## Data excerpts
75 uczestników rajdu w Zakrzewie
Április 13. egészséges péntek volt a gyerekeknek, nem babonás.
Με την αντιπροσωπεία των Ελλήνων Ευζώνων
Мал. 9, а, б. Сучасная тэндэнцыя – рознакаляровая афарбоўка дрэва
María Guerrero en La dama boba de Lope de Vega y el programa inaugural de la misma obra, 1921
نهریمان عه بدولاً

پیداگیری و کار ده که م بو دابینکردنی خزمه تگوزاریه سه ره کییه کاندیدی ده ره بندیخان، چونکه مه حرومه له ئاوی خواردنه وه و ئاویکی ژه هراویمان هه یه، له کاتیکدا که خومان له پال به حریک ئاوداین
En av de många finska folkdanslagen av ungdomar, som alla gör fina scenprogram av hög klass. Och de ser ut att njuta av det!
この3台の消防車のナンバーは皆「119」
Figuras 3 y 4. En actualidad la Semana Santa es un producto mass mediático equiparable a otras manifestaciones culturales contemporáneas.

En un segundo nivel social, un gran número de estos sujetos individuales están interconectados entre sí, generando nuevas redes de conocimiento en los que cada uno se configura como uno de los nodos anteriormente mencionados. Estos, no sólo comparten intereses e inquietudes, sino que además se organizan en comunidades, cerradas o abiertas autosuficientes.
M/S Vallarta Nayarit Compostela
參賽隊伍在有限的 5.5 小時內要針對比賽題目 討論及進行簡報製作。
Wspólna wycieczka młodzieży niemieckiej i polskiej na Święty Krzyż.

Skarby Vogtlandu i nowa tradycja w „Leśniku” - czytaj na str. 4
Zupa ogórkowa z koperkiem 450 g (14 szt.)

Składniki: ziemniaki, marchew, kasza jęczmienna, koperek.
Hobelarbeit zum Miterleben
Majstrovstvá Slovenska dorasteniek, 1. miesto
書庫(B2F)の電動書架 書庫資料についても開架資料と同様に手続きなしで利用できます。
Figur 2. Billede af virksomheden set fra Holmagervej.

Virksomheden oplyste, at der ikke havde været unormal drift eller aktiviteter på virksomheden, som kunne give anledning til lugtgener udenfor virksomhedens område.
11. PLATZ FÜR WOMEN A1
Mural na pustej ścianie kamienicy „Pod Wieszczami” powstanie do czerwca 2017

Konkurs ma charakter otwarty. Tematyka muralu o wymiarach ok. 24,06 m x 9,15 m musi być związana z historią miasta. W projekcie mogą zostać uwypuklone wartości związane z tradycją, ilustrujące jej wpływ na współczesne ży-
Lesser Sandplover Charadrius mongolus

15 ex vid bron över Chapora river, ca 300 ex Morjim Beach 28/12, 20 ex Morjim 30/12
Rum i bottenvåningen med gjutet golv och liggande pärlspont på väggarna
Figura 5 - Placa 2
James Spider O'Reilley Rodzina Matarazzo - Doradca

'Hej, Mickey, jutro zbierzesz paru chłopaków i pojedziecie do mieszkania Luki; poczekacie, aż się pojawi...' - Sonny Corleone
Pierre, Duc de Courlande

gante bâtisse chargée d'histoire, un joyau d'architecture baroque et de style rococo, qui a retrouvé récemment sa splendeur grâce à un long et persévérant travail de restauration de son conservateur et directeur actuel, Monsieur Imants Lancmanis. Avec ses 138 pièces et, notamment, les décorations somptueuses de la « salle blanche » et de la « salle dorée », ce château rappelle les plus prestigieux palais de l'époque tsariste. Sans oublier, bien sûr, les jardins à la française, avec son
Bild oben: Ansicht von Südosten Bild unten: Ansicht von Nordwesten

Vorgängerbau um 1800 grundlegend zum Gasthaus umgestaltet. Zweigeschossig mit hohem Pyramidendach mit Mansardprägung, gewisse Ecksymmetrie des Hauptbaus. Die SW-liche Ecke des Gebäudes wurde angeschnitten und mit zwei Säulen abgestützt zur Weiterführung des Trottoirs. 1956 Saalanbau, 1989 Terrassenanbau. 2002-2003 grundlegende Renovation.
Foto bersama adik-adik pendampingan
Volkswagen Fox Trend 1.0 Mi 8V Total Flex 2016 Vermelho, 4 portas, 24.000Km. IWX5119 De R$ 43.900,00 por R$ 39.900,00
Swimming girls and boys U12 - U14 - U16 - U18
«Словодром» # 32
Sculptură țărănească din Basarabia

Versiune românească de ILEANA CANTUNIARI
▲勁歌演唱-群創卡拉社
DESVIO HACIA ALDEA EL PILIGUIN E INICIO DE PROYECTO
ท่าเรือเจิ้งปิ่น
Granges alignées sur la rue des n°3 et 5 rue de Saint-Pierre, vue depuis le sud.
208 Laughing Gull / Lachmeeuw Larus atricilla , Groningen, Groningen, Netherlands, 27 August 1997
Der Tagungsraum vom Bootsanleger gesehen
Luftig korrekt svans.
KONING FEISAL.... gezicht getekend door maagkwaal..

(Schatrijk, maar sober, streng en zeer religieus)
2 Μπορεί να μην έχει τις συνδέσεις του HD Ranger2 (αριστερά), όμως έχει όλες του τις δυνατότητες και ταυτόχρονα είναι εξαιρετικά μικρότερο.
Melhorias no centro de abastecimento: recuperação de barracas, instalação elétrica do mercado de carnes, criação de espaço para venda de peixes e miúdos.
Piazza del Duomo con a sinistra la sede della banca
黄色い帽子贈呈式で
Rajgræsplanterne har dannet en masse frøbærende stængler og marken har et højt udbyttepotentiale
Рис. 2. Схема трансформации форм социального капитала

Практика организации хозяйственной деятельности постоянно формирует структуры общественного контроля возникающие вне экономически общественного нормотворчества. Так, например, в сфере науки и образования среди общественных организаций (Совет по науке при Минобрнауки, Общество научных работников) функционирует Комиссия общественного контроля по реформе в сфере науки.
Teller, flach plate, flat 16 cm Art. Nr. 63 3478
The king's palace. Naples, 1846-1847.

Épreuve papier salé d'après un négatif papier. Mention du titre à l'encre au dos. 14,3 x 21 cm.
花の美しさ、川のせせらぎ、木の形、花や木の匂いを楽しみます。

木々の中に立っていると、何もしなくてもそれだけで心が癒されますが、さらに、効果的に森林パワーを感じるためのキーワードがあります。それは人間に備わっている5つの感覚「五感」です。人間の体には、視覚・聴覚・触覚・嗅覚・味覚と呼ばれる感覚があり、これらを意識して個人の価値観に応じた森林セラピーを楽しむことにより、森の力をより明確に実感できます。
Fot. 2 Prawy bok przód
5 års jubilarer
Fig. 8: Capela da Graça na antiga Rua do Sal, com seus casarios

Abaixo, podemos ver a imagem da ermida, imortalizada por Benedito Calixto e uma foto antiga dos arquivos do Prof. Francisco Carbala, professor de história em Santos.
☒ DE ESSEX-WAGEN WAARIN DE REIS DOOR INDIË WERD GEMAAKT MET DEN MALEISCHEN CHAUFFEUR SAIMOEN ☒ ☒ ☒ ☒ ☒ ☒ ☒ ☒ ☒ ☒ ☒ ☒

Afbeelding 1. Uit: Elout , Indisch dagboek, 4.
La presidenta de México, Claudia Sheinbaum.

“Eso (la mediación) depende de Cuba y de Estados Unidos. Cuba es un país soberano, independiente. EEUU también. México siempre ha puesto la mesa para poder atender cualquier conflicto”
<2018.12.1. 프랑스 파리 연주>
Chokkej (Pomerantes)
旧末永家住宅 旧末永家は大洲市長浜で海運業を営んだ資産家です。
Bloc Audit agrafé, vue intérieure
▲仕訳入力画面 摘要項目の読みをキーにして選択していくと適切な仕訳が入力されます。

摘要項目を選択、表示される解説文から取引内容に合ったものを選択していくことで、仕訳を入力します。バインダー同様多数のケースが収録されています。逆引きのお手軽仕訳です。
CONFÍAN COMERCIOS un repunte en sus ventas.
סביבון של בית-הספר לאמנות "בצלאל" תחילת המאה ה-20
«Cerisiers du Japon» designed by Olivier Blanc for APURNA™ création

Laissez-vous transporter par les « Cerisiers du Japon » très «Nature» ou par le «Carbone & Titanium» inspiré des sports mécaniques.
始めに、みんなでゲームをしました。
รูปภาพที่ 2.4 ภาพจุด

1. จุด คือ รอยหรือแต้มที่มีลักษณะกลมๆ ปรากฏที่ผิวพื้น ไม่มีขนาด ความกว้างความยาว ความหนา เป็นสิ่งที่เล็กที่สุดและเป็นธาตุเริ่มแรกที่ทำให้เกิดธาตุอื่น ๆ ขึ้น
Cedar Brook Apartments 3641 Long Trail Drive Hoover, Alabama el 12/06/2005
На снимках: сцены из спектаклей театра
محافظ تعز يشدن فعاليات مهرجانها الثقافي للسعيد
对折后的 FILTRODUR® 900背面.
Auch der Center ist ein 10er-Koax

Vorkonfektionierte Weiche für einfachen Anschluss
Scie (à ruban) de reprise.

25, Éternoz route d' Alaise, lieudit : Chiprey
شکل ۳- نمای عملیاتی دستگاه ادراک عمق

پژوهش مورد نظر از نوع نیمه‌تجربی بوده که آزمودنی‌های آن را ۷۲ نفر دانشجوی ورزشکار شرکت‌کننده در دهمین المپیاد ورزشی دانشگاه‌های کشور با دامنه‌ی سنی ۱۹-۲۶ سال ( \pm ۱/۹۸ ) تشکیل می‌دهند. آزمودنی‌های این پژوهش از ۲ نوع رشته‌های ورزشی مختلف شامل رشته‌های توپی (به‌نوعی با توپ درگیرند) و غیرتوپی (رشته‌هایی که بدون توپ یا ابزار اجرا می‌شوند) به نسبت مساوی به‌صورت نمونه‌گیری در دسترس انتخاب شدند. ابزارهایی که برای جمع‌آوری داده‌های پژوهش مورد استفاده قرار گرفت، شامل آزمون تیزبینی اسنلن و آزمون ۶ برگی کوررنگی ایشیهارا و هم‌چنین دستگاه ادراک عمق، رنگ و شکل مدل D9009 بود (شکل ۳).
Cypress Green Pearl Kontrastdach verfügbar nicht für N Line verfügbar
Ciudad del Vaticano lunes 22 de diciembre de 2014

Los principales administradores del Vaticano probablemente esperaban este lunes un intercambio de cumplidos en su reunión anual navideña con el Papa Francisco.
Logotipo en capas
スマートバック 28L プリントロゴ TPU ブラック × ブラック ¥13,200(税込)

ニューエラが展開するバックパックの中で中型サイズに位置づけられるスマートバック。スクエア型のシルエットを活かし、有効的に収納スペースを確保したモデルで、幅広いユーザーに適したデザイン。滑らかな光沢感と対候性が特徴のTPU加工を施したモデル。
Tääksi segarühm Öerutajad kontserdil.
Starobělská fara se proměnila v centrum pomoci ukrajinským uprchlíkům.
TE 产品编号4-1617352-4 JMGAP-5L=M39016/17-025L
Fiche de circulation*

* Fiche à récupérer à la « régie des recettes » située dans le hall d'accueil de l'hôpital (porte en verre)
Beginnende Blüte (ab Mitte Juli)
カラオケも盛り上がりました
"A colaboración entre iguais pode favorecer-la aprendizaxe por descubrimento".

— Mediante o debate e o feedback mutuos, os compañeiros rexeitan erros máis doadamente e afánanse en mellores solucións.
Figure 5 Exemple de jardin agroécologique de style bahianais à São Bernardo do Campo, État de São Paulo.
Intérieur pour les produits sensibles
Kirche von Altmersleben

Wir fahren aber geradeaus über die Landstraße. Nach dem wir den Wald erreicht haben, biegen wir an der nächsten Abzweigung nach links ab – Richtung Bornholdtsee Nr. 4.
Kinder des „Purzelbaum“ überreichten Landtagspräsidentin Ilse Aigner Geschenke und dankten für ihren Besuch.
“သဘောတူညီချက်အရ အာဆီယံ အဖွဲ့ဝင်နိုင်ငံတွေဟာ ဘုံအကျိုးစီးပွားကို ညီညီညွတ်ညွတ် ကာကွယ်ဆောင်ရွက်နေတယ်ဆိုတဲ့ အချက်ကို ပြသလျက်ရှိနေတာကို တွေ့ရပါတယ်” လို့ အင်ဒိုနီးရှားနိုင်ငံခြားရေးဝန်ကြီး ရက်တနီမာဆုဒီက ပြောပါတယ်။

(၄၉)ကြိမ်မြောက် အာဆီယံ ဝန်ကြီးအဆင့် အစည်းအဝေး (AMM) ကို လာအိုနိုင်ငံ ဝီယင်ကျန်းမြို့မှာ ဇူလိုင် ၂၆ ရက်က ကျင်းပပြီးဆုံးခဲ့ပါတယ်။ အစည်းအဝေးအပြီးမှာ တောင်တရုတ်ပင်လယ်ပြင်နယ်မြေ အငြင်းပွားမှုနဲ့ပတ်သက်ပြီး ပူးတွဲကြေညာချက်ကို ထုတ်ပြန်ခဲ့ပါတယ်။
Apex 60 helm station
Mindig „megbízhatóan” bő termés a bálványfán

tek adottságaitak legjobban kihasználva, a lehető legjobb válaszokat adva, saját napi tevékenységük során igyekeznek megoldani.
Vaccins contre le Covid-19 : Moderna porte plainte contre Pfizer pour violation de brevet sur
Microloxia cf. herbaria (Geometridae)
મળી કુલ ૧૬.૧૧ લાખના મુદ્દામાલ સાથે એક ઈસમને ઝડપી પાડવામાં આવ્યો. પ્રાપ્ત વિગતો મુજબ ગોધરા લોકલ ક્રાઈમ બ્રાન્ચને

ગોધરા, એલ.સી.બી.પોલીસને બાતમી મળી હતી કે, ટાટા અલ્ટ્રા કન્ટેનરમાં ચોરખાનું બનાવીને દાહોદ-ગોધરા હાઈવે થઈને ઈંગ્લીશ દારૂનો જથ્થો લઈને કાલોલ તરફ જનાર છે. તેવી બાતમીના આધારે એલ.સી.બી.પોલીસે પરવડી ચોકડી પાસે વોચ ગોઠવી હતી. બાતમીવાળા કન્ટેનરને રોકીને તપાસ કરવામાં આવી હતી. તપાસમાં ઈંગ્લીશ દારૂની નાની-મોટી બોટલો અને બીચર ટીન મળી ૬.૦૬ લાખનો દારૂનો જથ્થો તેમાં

## Exercise directions
Please return the lines above exactly, from the first one down to the line with "書庫(B2F)の電動書架 書", and stop after that line.

## Expected answer
75 uczestników rajdu w Zakrzewie
Április 13. egészséges péntek volt a gyerekeknek, nem babonás.
Με την αντιπροσωπεία των Ελλήνων Ευζώνων
Мал. 9, а, б. Сучасная тэндэнцыя – рознакаляровая афарбоўка дрэва
María Guerrero en La dama boba de Lope de Vega y el programa inaugural de la misma obra, 1921
نهریمان عه بدولاً

پیداگیری و کار ده که م بو دابینکردنی خزمه تگوزاریه سه ره کییه کاندیدی ده ره بندیخان، چونکه مه حرومه له ئاوی خواردنه وه و ئاویکی ژه هراویمان هه یه، له کاتیکدا که خومان له پال به حریک ئاوداین
En av de många finska folkdanslagen av ungdomar, som alla gör fina scenprogram av hög klass. Och de ser ut att njuta av det!
この3台の消防車のナンバーは皆「119」
Figuras 3 y 4. En actualidad la Semana Santa es un producto mass mediático equiparable a otras manifestaciones culturales contemporáneas.

En un segundo nivel social, un gran número de estos sujetos individuales están interconectados entre sí, generando nuevas redes de conocimiento en los que cada uno se configura como uno de los nodos anteriormente mencionados. Estos, no sólo comparten intereses e inquietudes, sino que además se organizan en comunidades, cerradas o abiertas autosuficientes.
M/S Vallarta Nayarit Compostela
參賽隊伍在有限的 5.5 小時內要針對比賽題目 討論及進行簡報製作。
Wspólna wycieczka młodzieży niemieckiej i polskiej na Święty Krzyż.

Skarby Vogtlandu i nowa tradycja w „Leśniku” - czytaj na str. 4
Zupa ogórkowa z koperkiem 450 g (14 szt.)

Składniki: ziemniaki, marchew, kasza jęczmienna, koperek.
Hobelarbeit zum Miterleben
Majstrovstvá Slovenska dorasteniek, 1. miesto
書庫(B2F)の電動書架 書庫資料についても開架資料と同様に手続きなしで利用できます。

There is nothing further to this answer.